**Exercise requirements**
Whatever pictures appear, omit them, and repeat the data below exactly.

**Data provided**

########################################

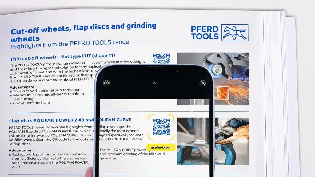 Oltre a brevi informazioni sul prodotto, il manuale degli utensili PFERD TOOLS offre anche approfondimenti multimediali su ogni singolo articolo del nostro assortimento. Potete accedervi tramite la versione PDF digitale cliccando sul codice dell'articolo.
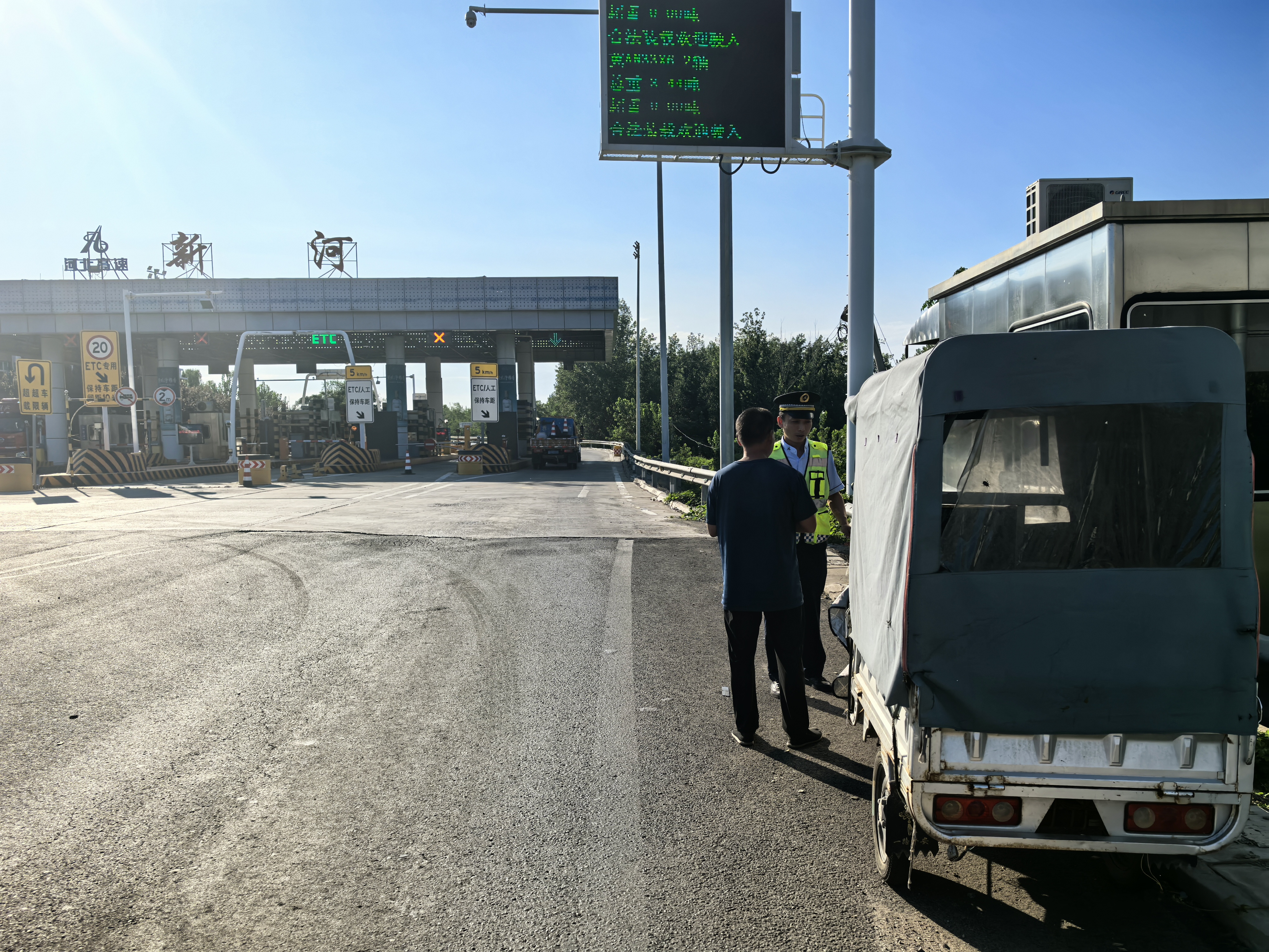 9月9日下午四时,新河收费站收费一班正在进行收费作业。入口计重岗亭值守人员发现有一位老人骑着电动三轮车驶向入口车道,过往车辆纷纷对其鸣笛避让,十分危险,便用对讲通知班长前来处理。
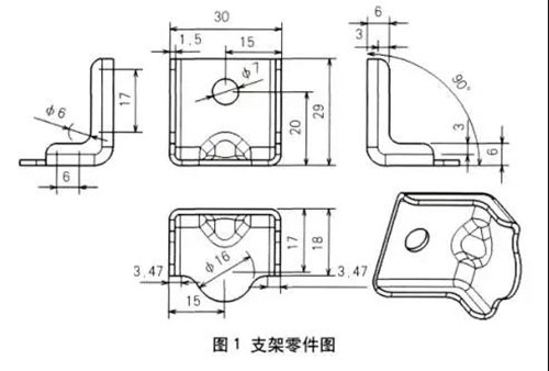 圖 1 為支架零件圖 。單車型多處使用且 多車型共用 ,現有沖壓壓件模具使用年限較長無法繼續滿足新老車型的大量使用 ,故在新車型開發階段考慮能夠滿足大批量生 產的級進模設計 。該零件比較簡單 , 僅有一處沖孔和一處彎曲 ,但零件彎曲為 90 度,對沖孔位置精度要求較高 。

########################################

**Response to the task**
 Oltre a brevi informazioni sul prodotto, il manuale degli utensili PFERD TOOLS offre anche approfondimenti multimediali su ogni singolo articolo del nostro assortimento. Potete accedervi tramite la versione PDF digitale cliccando sul codice dell'articolo.
 9月9日下午四时,新河收费站收费一班正在进行收费作业。入口计重岗亭值守人员发现有一位老人骑着电动三轮车驶向入口车道,过往车辆纷纷对其鸣笛避让,十分危险,便用对讲通知班长前来处理。
 圖 1 為支架零件圖 。單車型多處使用且 多車型共用 ,現有沖壓壓件模具使用年限較長無法繼續滿足新老車型的大量使用 ,故在新車型開發階段考慮能夠滿足大批量生 產的級進模設計 。該零件比較簡單 , 僅有一處沖孔和一處彎曲 ,但零件彎曲為 90 度,對沖孔位置精度要求較高 。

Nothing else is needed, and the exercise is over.